Sky go will work with a vpn/dns


----------



## thrax (Nov 13, 2008)

You can always get a dish and a Sky box and pay for it like we do. Perfect picture, no buffering like IPTV and sort of legal...


----------



## sat (Jul 20, 2008)

If you can arrange a Sky UK card at a UK address (as Sky UK will only issue cards to UK addresses), then you can bring and use that card in its Sky digibox in Spain, and get Sky Sports.


----------



## Rabbitcat (Aug 31, 2014)

The only problem is - because it's " live" but of course there's an hours time difference- the players have to remember exactly where they were on the pitch 60 mins ago

Sometimes watching games can be irritating as you observe the players arguing where exactly they were on the field an hour previous


----------



## mrypg9 (Apr 26, 2008)

Until we got fibre optic we too paid for the full Sky package, about 100 euros a month plus 120 euros annual 'maintenance charge'.
We switched to a package costing 30 euros a month, 150 euros one off installation fee. For that we get every sports channel under the sun....full Sky Sports package, Bein, Polsat, BT Sport as well as all BBC, ITV etc programmes, all Sky programmes, boxed sets, catchup tv and literally thousands of movies.
I have no idea whether it's legal or not and don't really care. Most people I know have it including Spanish friends. Some movies come with Greek subtitles (!) but they can be removed.
Picture quality is good, very little buffering and then only on BBC 24 News for some reason.
We've still got our BBC ITV via satellite for sport and BBC channels should there be a problem with the main setup. 
Anyone living in the Marbella - Estepona -Manilva area interested can pm me.


----------



## Overandout (Nov 10, 2012)

Just for my own interest, what is on Sky Sports that is not on an equivalent Spanish provider's service?
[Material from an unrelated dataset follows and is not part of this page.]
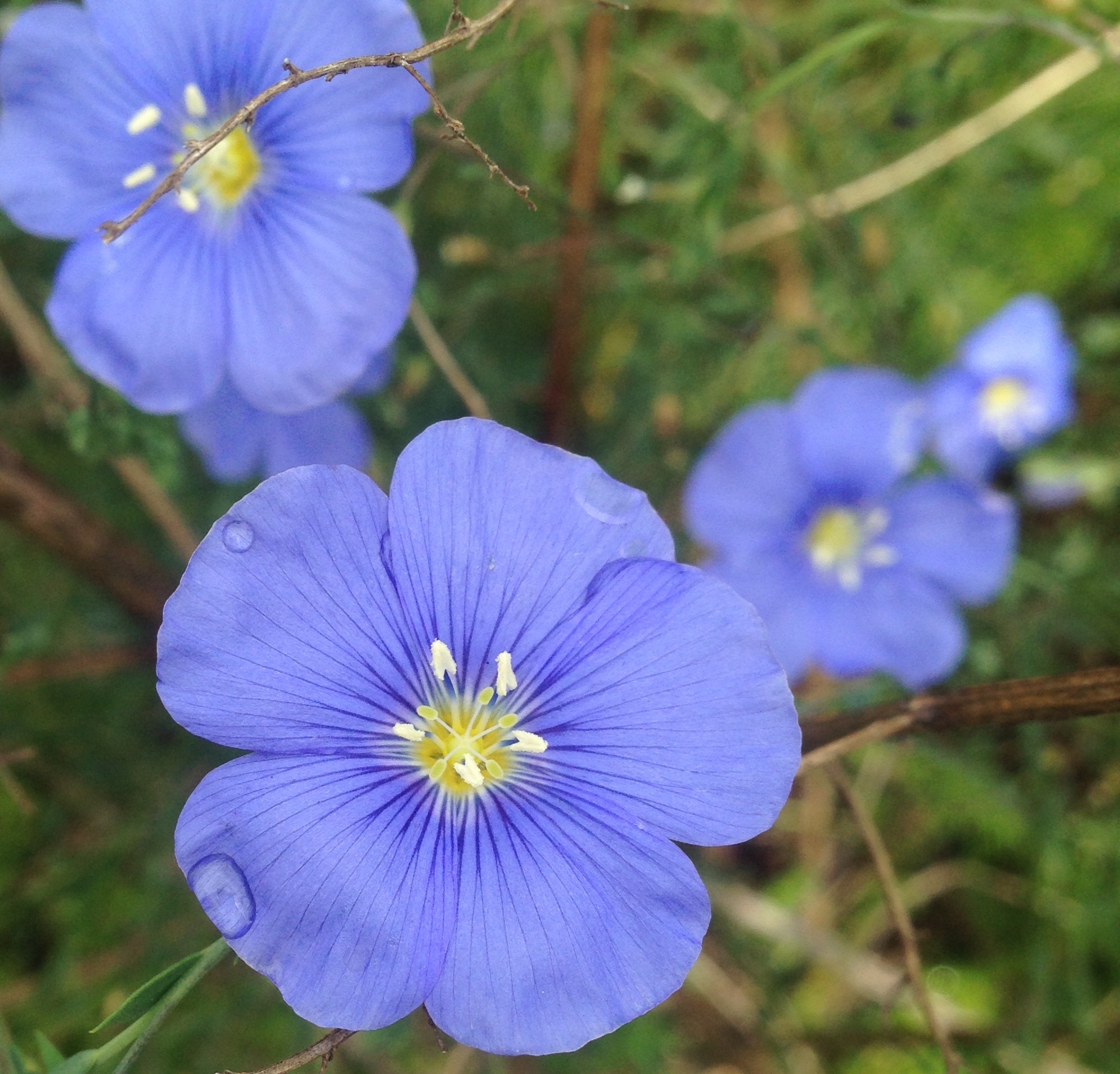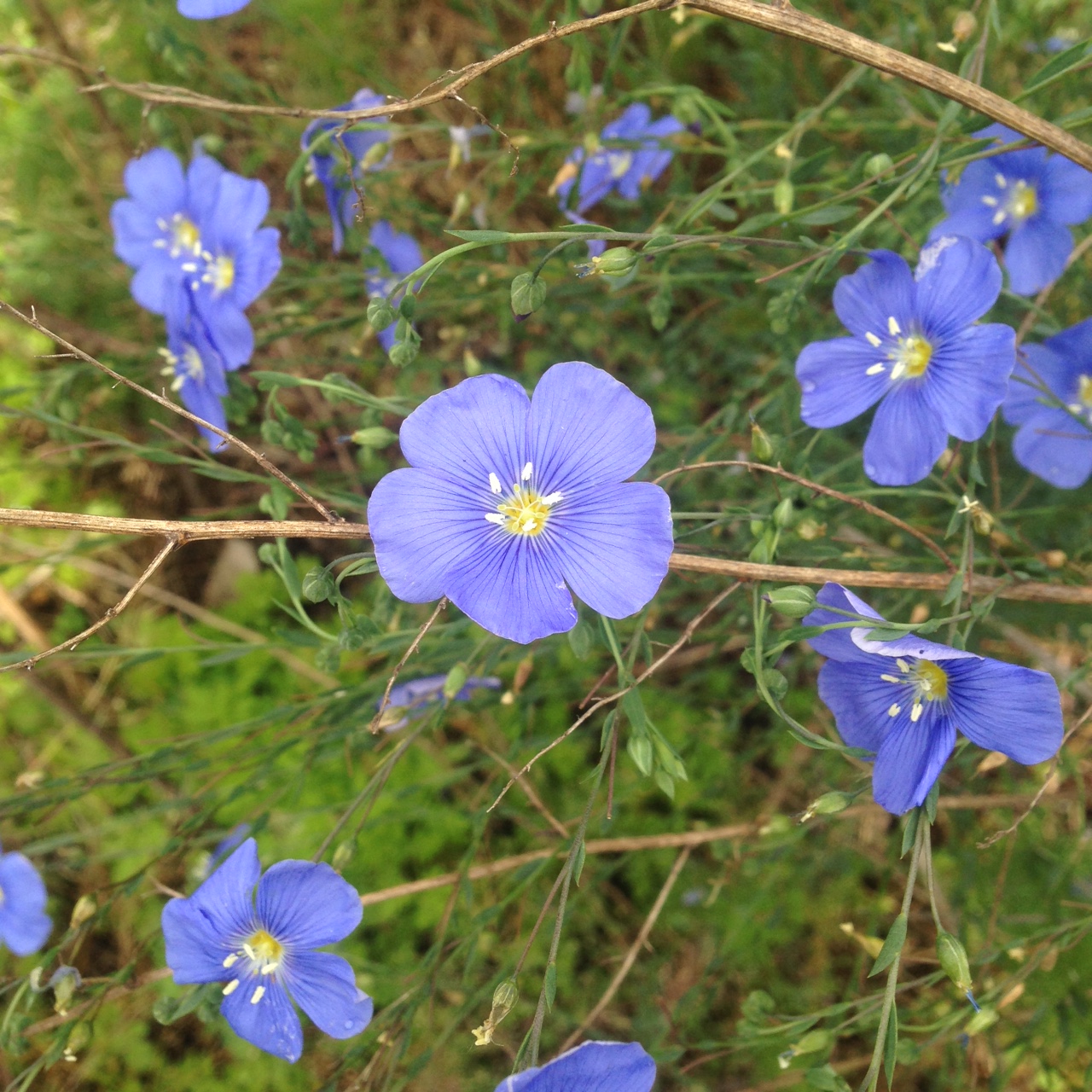 It’s definitely blue and it’s definitely flax, but is it (Wild Blue, Lewis, Prairie) Flax ( Linum lewisii, Linum perenne, Linum perenne lewisii are all synonyms) native to the other side of the Mississippi? Or is it Linum usitatissimum, native to Eurasia and the Middle East and for thousands of years cultivated as a source of fiber and seed oil.

Or is it a question of wanting the commentary in English?

Or is it that Sky is cheaper?


----------



## MalagaMike (Aug 16, 2017)

AlexKidd said:


> Hi.
> 
> Does anyone know if it's possible to get SkySports in Spain? Like through a digital box or perhaps even the internet (officially - as I know about 'other streaming' and generally the streams are poor quality and often very unreliable).
> Thanks.


Have a look at getting a NOWTV Box then you can choose whatever package you wish and full HD. You'd need to get a friend or family member to buy it for you in the U.K and send it over to you (box only £15.00) and use a Smart DNS (approx €4 a moth)
What is NOW TV?


----------



## mrypg9 (Apr 26, 2008)

Overandout said:


> Just for my own interest, what is on Sky Sports that is not on an equivalent Spanish provider's service?
> 
> Or is it a question of wanting the commentary in English?
> 
> Or is it that Sky is cheaper?


No, Sky is definitely not cheaper. As I said we were forking out 120 euros a month for our full package which did not come with BT Sport or Premium Sport.
Not all matches are on Sky. We used to watch on our Spanish tv but prefer the pre and post match commentaries in English.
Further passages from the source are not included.